London councils warn of financial ‘knife edge’ as overspends grow

File photo dated 13/08/17 of an aerial view of terraced houses in south west London. A 20-year-old…
The warning comes as councils across the country have said they are experiencing severe financial pressures Credit: PA

Councils in London have warned their finances are on a “knife edge” as they expect to have to make half a billion pounds in savings to balance their books next year.

A survey of the capital’s 32 local authorities found 29 are already set to collectively overspend on their budgets by £400 million this year, with many services in peril.

The cross-party London Councils group said boroughs are facing a “perfect storm” of prolonged high inflation, sharply rising demand for services and insufficient Government funding which has increased the risk of financial failure.

The warning comes as councils across the country have said they are experiencing severe financial pressures, with seven councils issuing Section 114 notices declaring effective bankruptcy since 2020.

Havering Borough Council recently warned that it could be effectively bankrupt within six months.

The Welsh government’s Housing Support Grant stands at £167million, more than 12% less in real terms than it was a decade ago Credit: Nicholas T Ansell/PA

Pressures on adult and children’s social care, combined with London’s worsening homelessness crisis, are said to be the biggest drivers of budget overspends.

The London Councils group estimates that nearly 170,000 Londoners, equivalent to one in 50 of the city’s residents, are homeless and currently living in temporary accommodation paid for councils.

London boroughs collectively are expected to overspend their budgets for this accommodation by £90 million this year alone

They are calling on Chancellor Jeremy Hunt to boost support for local services and stabilise council finances in the Autumn Statement due next month.

Measures called for include an overall funding increase of at least 9%, in line with the rise last year, and investment to reduce homelessness, including an uplift in the local housing allowance and homelessness prevention grant.

London Councils also says the “broken local government finance system” must be reformed alongside longer-term funding settlements and more devolved powers.

Claire Holland, Labour leader of Lambeth Borough Council and acting chair of London Councils, said: “Borough finances are on a knife edge – with grim implications for the future of local services in the capital.

“The combination of higher costs due to spiralling inflation, skyrocketing demand for services, and insufficient levels of government funding leaves boroughs in an extremely precarious position.

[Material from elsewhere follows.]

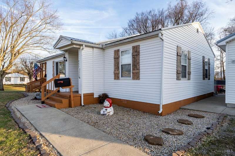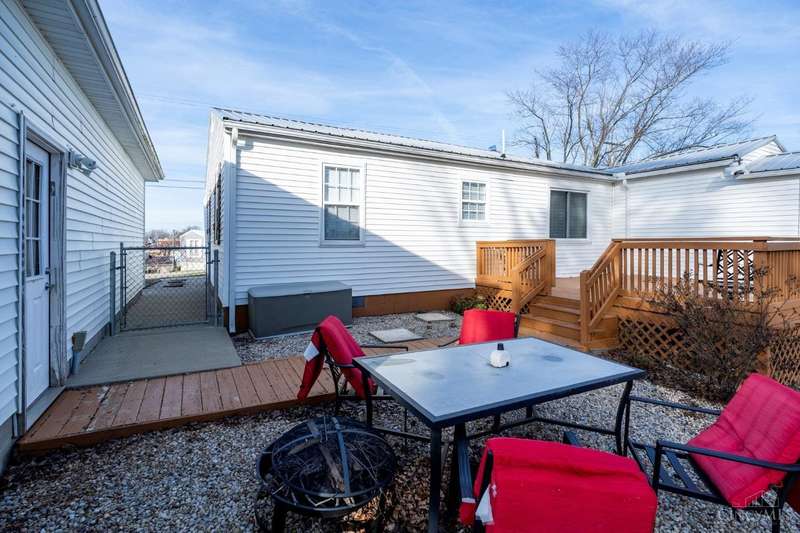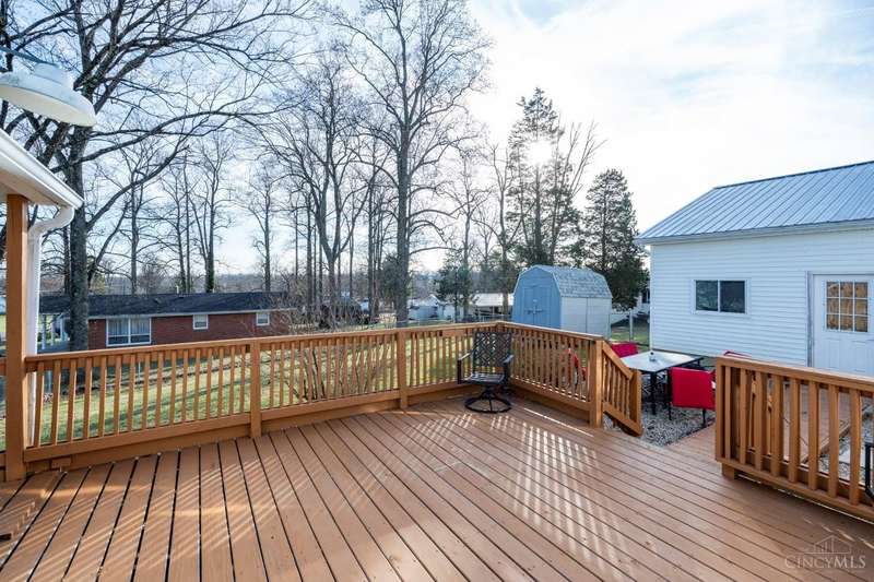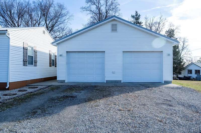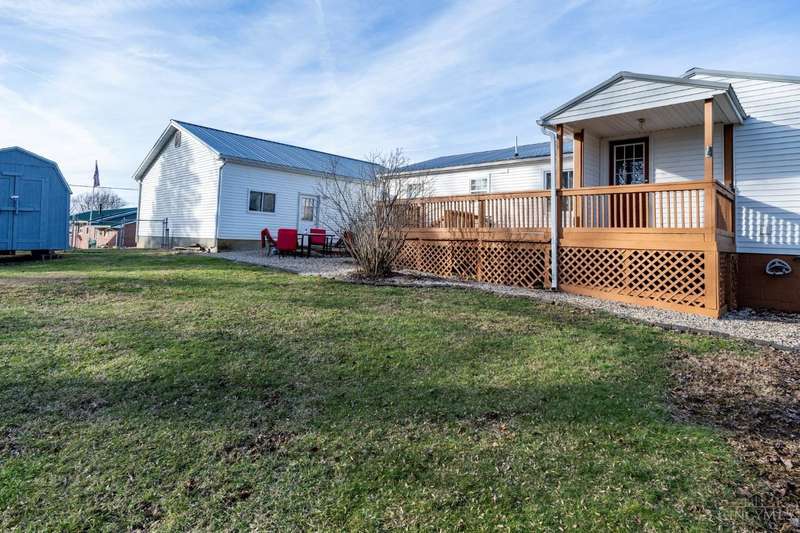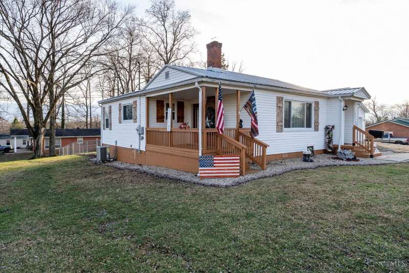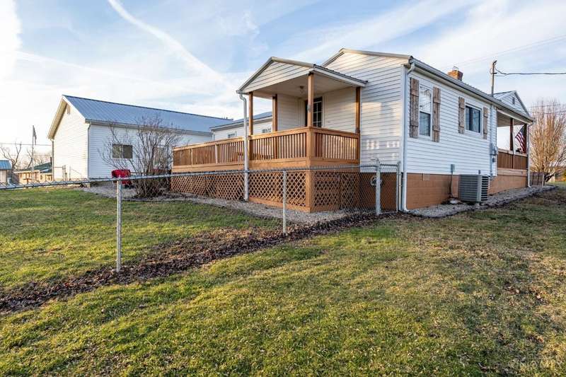 Charming 2-bedroom, 1-bath ranch home with just under 1,300 sq ft of living space, in a great location! This well-maintained home features a spacious living room with a large picture window for natural light, highlighting the cozy fireplace with all natural hardwood floors leading into the dining room. The kitchen features ample cabinetry and walkout to the laundry room with access to the back deck. Down the hall you'll find the full bath and primary and secondary bedroom. Outside, enjoy the fenced in backyard (perfect for pets) and shed for additional storage. A 36x28, 2-car detached, oversized garage (fits 4 cars and motorcycle) with concrete floors, electric, 3 access points and overhead storage is located to the right of the home. This property is conveniently located just a few miles from Adams Lake in the heart of West Union, Ohio with close proximity to all amenities. Must See!

The pressure is relentless – we face a £400 million shortfall this year, which rises to £500 million next year unless the government provides more support.

“Councils play a vital role in their communities providing essential services and in tackling so many major challenges, such as addressing homelessness, unlocking economic growth, and making faster progress towards net zero.

“The Government must use the Autumn Statement to bolster council finances. This will be crucial for helping boroughs stabilise budgets and sustain London’s local services.”

London Councils said the resources available to the capital’s local authorities remain almost a fifth lower than in 2010, despite a population increase of almost 800,000 more Londoners which is broadly equivalent to a city the size of Leeds.

It added this pressure has been exacerbated by over £1 billion in unfunded or underfunded new burdens over that period, including the government transferring responsibility to local authorities for financing council tax support and other measures.

A spokesperson for the Department for Levelling Up, Housing and Communities said: “Local authorities have seen an increase in core spending power of up to £5.1 billion or 9.4% in cash terms on 2022/23, with almost £60 billion available for local government in England.

“For London boroughs, this represents an increase in core spending power of up to £744 million (9.3%) – making available a total of up to £8.757 billion in 2023/24.

“We stand ready to speak to any council that has concerns about its ability to manage its finances or faces pressures it has not planned for.”